(MATERIAL PROVIDED)

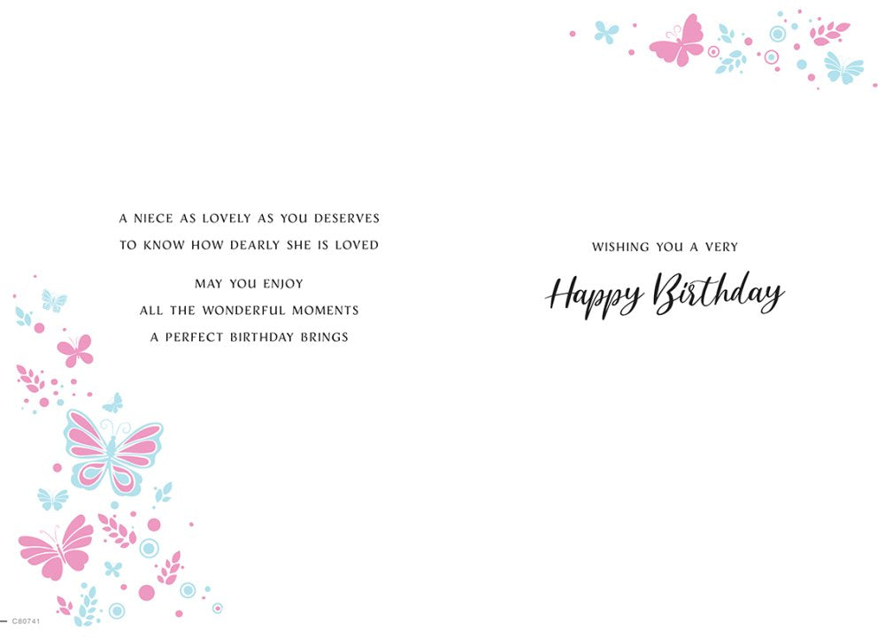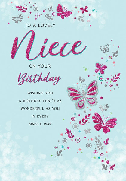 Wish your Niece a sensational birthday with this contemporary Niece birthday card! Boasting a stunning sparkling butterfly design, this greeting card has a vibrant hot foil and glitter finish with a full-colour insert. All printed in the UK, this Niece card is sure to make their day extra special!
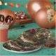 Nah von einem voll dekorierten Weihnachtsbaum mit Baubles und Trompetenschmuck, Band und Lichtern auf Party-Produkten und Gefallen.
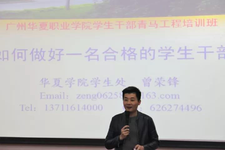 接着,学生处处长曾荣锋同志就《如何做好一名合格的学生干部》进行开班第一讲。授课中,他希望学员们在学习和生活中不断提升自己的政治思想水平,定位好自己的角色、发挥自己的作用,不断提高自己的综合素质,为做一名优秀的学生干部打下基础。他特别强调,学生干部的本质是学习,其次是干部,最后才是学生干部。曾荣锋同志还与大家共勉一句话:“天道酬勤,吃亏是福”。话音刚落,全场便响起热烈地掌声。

(End MATERIAL PROVIDED)
(MATERIAL PROVIDED)

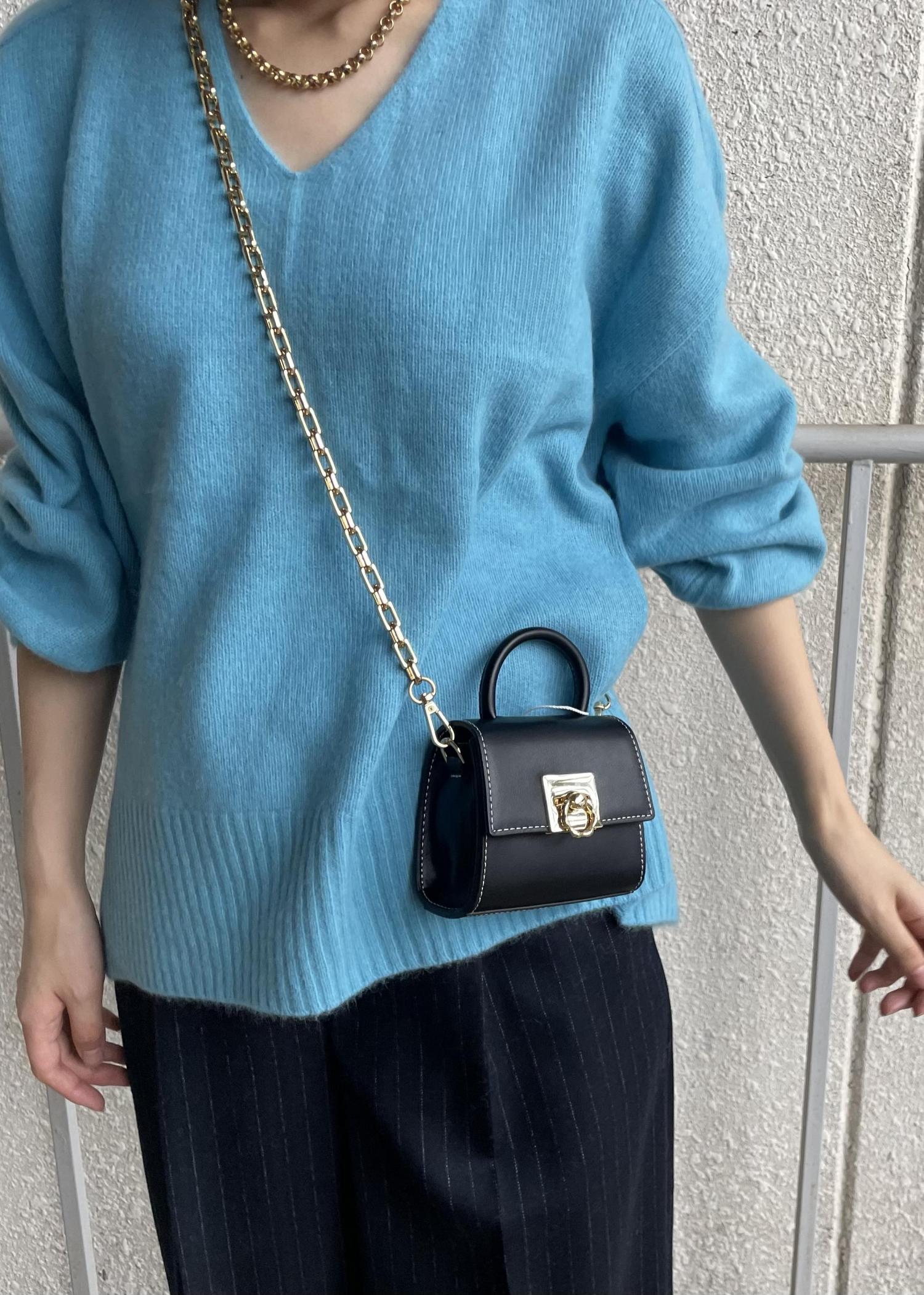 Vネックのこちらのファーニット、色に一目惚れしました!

(End MATERIAL PROVIDED)

WORK TO BE COMPLETED
In the data above, retype only the stretch from the line with "Wish your Niece" through the line with "Nah von einem", word for word, and skip any pictures.

EXPECTED ANSWER
 Wish your Niece a sensational birthday with this contemporary Niece birthday card! Boasting a stunning sparkling butterfly design, this greeting card has a vibrant hot foil and glitter finish with a full-colour insert. All printed in the UK, this Niece card is sure to make their day extra special!
 Nah von einem voll dekorierten Weihnachtsbaum mit Baubles und Trompetenschmuck, Band und Lichtern auf Party-Produkten und Gefallen.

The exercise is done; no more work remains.